╔══
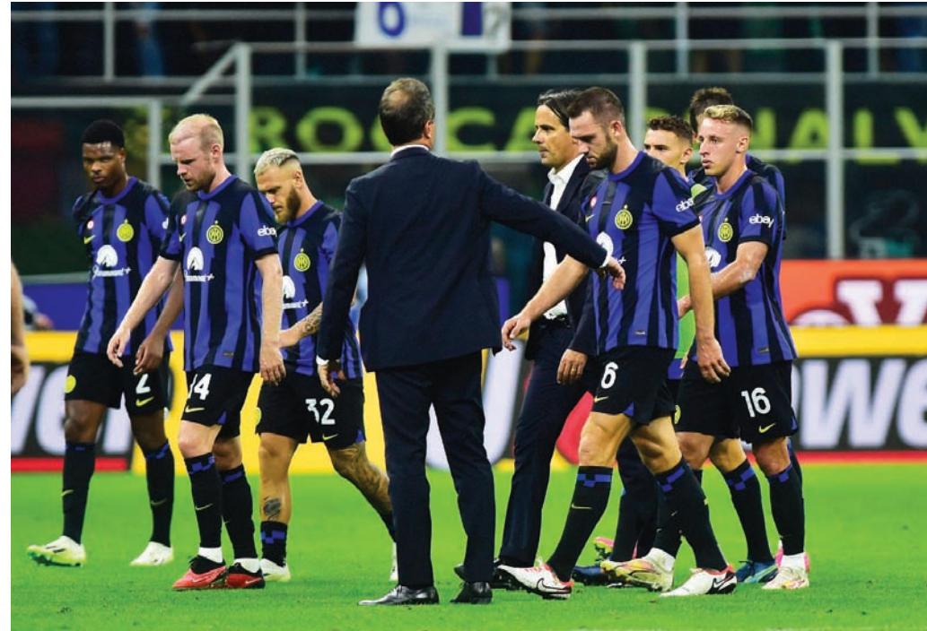
إنتر يسعى لاستعادة نغمة الانتصارات بعد خسارته الأولى هذا الموسم على يد ساسولو

الثالثة. وكان لاتسيو حقق فوزاً ساحقاً على ميلان الموسم الماضي 4-0 في اللعب الأولي، قبل أن يخار ميلان لخسارته إباًاً ويفوز 0-2.
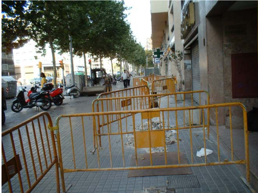
Fotografia 1: Vista general de l'Avinguda del Paral·lel, en el tram afectat per l'obra.
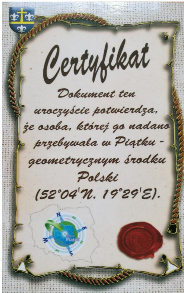
Zdjęcie 1. Certyfikat wydawany przez Urząd Gminy w Piątku.
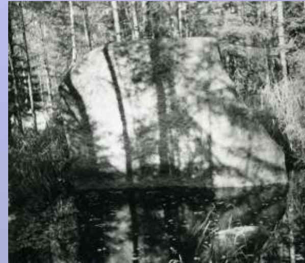
Basu Libahundi kivi
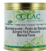
Bananowe Puree BIO
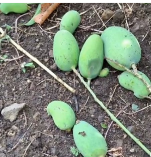
होती. दरम्यान, १८ मे रोजी राज्य शासनाने अवकाळी पावसामुळे नुकसान झालेल्या शेतकऱ्यांना आर्थिक

या नैसर्गिक आपत्तीमुळे मका, गहू, हरभरा, ज्वारी, कांदा, टरबूज तसेच आंबा यांसारख्या पिकांचे मोठे नुकसान झाले. शासनाच्या आदेशानुसार संबंधित यंत्रणांनी पंचनामे केले असून, विविध लोकप्रतिनिधींनीही नुकसानग्रस्त भागांची पाहणी केली होती. त्यामुळे शासनाकडून मदत मिळेल, अशी अपेक्षा शेतकऱ्यांना
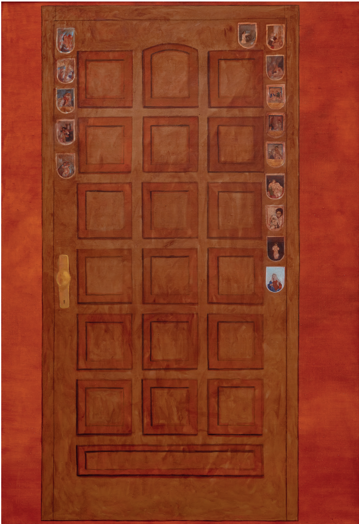
MIR U KUĆI OVOJ, MOŽDA DOGODINE, 2022. ulje na platnu, 190 x 130 cm
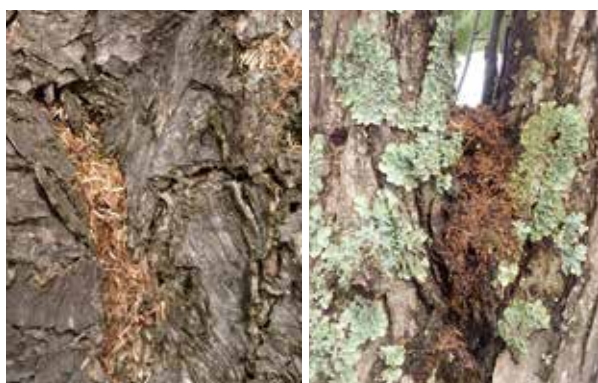
ツヤハダゴマダラカミキリのフラス

ツヤハダゴマダラカミキリは、知らない間に地域に入り込んでしまいます。見た目が在来のゴマダラカミキリに似ているため、成虫を見ても外来種だとは気づけず、沢山の木が同じように弱ってきて、ようやく、この虫の侵入のためだと判明することがよくあります。まだ、日本への侵入が見つかったばかりの虫なので、木を伐らないで虫だけを取り除く方法は、まだよくわかりません。この虫を駆除するには、成虫が木から出てくる前に被害木を伐採し、燃やすか細かくチップにするしかないのです。前述の脱出孔や産卵痕で被害木を探す以外に、幼虫が出す木屑とふんの混合物(フラス)が樹皮からこぼれ落ちることも、この虫が樹木の中にいることのサインとなります。加害が激しくなると樹皮がはがれ始めて、本種のフラスがみられるようになります。
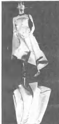
Modelka odbija się w tafli wybiegu na pokazie kolekcji jesienno-zimowych 2005 projektanta Giorgio Armaniego w Hongkongu.

W średniowieczu jedynie mężczyźni mogli nosić diamenty, które były symbolem ich odwagi i męskości. Dopiero w 1477 roku, kiedy arcyksiążę austriacki Maksymilian podarował diamentowy pierścionek swojej narzeczonej Marii Burgundzkiej, diamentowe kamienie stały się sposobem na zdobywanie kobiecych serc. (asy)
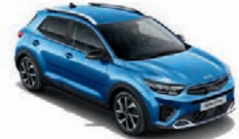
Bathysblau Met. (SPB)
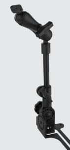
RAM MOUNTS UNIVERSAL FAHRZEUGBEFESTIGUNG MIT DIAMOND-ANBINDUNG (TRAPEZ) RAM-316-HD-238U
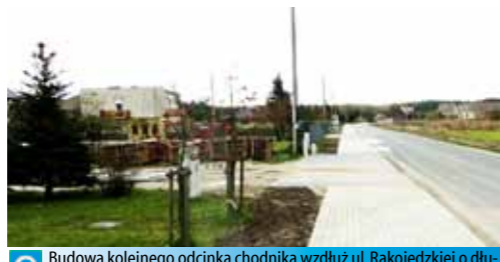
Budowa kolejnego odcinka chodnika wzdłuż ul. Rakojedzkiej o długości 319 m - 78.238 zł Gmina Skoki dofinansowała inwestycję powiatową.
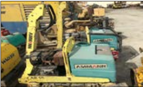
03-05 Ammann AR65 - choice
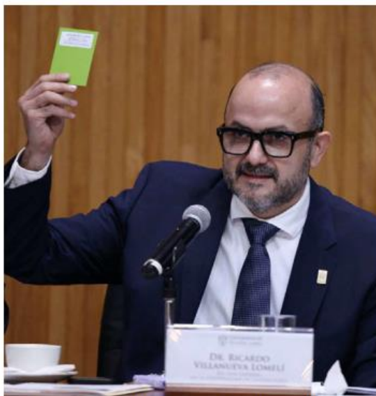
Destacó que se siente satisfecho y orgulloso de lo que ha logrado durante su gestión al frente de la UdeG.
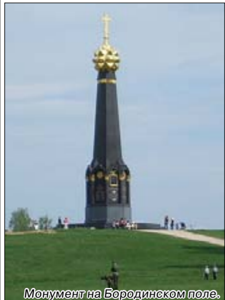
Монумент на Бородинском поле.

К стыду своему превеликому, прожив более полувека на этой грешной земле, ни разу не побывал на поле русской воинской славы у деревни Бородино. И лишь в 200-ю годовщину величайшего сражения, сподобился-таки отдать дань уважения славным нашим предкам.
╚══
Return exactly the lines that appear in the data above between the line containing "Modelka odbija się" and the line containing "03-05 Ammann AR65 - choice", both of which are included, and leave the pictures out.

*REPLY:*
Modelka odbija się w tafli wybiegu na pokazie kolekcji jesienno-zimowych 2005 projektanta Giorgio Armaniego w Hongkongu.

W średniowieczu jedynie mężczyźni mogli nosić diamenty, które były symbolem ich odwagi i męskości. Dopiero w 1477 roku, kiedy arcyksiążę austriacki Maksymilian podarował diamentowy pierścionek swojej narzeczonej Marii Burgundzkiej, diamentowe kamienie stały się sposobem na zdobywanie kobiecych serc. (asy)
Bathysblau Met. (SPB)
RAM MOUNTS UNIVERSAL FAHRZEUGBEFESTIGUNG MIT DIAMOND-ANBINDUNG (TRAPEZ) RAM-316-HD-238U
Budowa kolejnego odcinka chodnika wzdłuż ul. Rakojedzkiej o długości 319 m - 78.238 zł Gmina Skoki dofinansowała inwestycję powiatową.
03-05 Ammann AR65 - choice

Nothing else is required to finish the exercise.